Step 4: Track Your Progress Daily
Consistency is more important than intensity. Even if you only complete a small version of your habit, track it. The goal is to build a streak of daily wins.
Step 5: Celebrate Small Wins
Each time you complete your habit, celebrate your success. This could be a mental pat on the back, a small reward, or simply acknowledging your progress.
Common Mistakes to Avoid When Habit Tracking
1. Tracking Too Many Habits at Once
Start small. Focus on one or two habits at a time. Tracking too many habits can feel overwhelming and lead to burnout.
2. Being Too Rigid
Life happens. If you miss a day, don’t beat yourself up. Instead, focus on getting back on track as soon as possible.

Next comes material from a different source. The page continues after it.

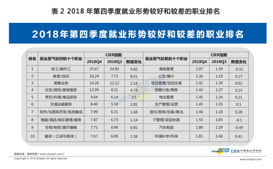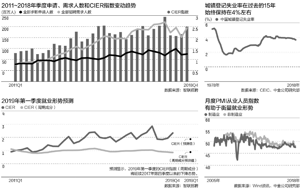 中国就业研究所联合智联招聘最新发布的2018年第四季度《中国就业景气指数报告》显示, 2018年四季度企业用工需求明显增加,环比增幅为25.42%,而求职申请人数环比仅增加3.90%,使得四季度中国就业景气指数(即CIER指数)上升至2.38, 就业景气度出现季节性回暖。

3. Focusing Only on Perfect Streaks
While streaks are motivating, don’t let a broken streak discourage you. Remember, progress is more important than perfection.
The Habit Tracking Challenge: Try It for 7 Days
Ready to build a new habit? Here’s a simple challenge:
Choose one small habit you want to build.
Download a habit tracker (or use a journal).
Track your progress for 7 days straight.
Celebrate each day you complete your habit.
By the end of the week, you’ll likely find that your new habit feels more automatic — and you’ll be motivated to keep going.
Final Thoughts: Build Systems, Not Willpower
Habit tracking is more than just checking off boxes — it’s a system for building consistent, lasting change. When you understand the balance between motivation and activation, you set yourself up for long-term success.
Let’s keep building from last week’s post. What habit will you start tracking today? Let me know in the comments.